*** Given records Section Begins ***

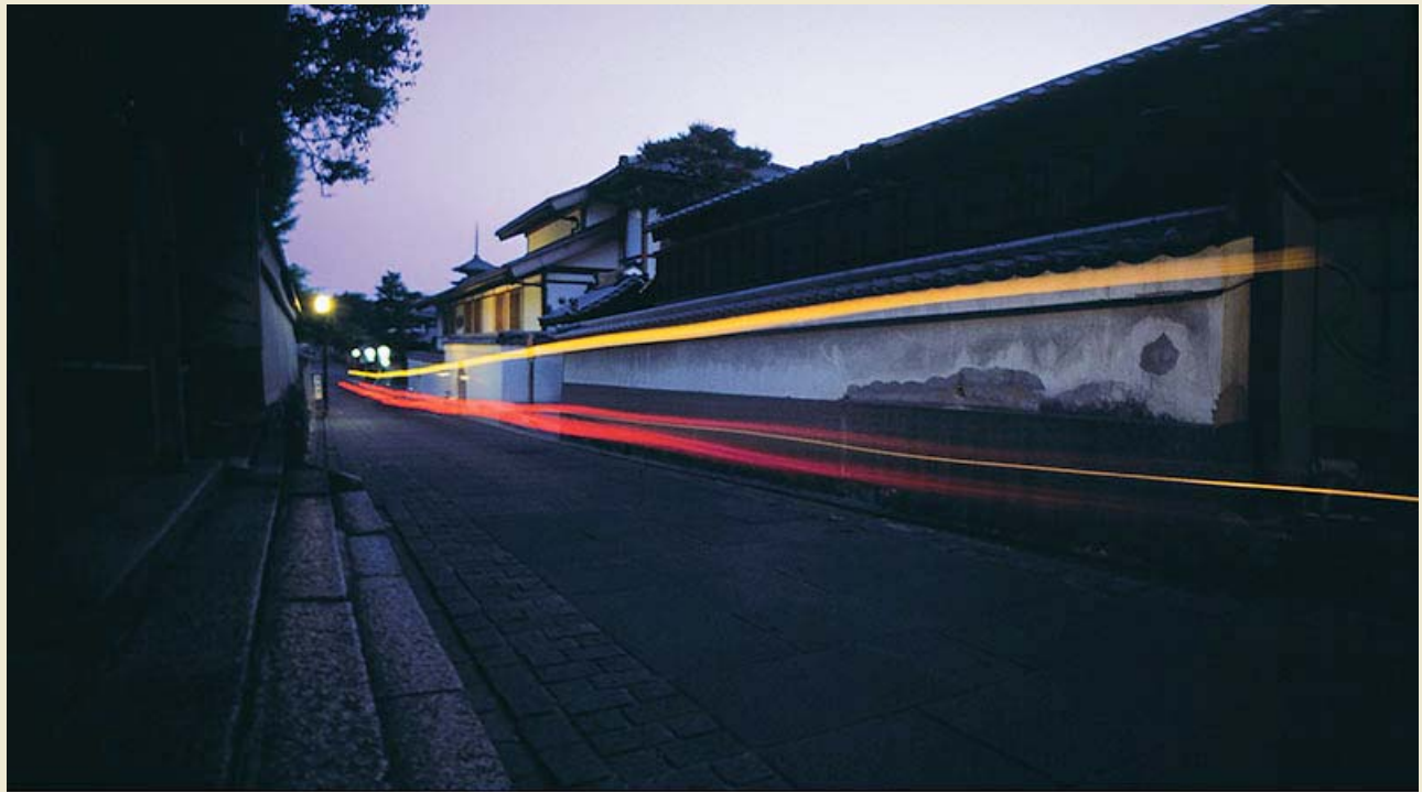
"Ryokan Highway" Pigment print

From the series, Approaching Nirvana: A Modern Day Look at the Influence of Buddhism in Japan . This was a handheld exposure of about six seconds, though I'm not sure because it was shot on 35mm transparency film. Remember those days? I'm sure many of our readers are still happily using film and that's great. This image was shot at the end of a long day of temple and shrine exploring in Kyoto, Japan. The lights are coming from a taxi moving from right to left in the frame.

*** Given records Section Ends ***
*** Given records Section Begins ***

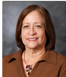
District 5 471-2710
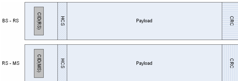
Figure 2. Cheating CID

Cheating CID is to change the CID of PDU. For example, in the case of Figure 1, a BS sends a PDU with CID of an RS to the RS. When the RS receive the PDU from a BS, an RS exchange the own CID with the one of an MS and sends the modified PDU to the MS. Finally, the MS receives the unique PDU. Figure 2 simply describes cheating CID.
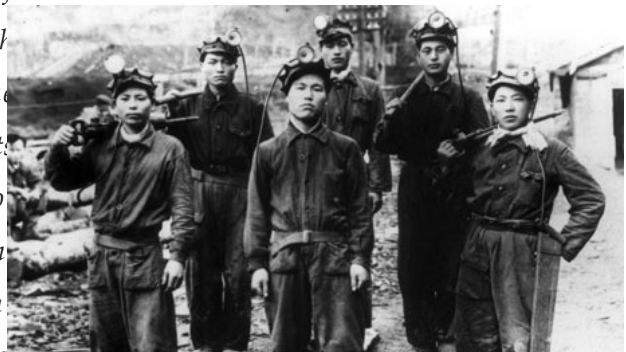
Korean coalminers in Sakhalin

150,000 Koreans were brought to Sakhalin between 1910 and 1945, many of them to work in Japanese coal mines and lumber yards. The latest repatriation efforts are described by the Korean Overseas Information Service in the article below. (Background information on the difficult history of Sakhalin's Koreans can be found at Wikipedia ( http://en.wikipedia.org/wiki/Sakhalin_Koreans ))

*** Given records Section Ends ***

Exercise instructions:
Please return the material above only from the line that holds "District 5 471-2710" through the line that holds "Korean coalminers in Sakhalin", exactly as it stands, ends included and pictures omitted.

Result of this exercise:
District 5 471-2710
Figure 2. Cheating CID

Cheating CID is to change the CID of PDU. For example, in the case of Figure 1, a BS sends a PDU with CID of an RS to the RS. When the RS receive the PDU from a BS, an RS exchange the own CID with the one of an MS and sends the modified PDU to the MS. Finally, the MS receives the unique PDU. Figure 2 simply describes cheating CID.
Korean coalminers in Sakhalin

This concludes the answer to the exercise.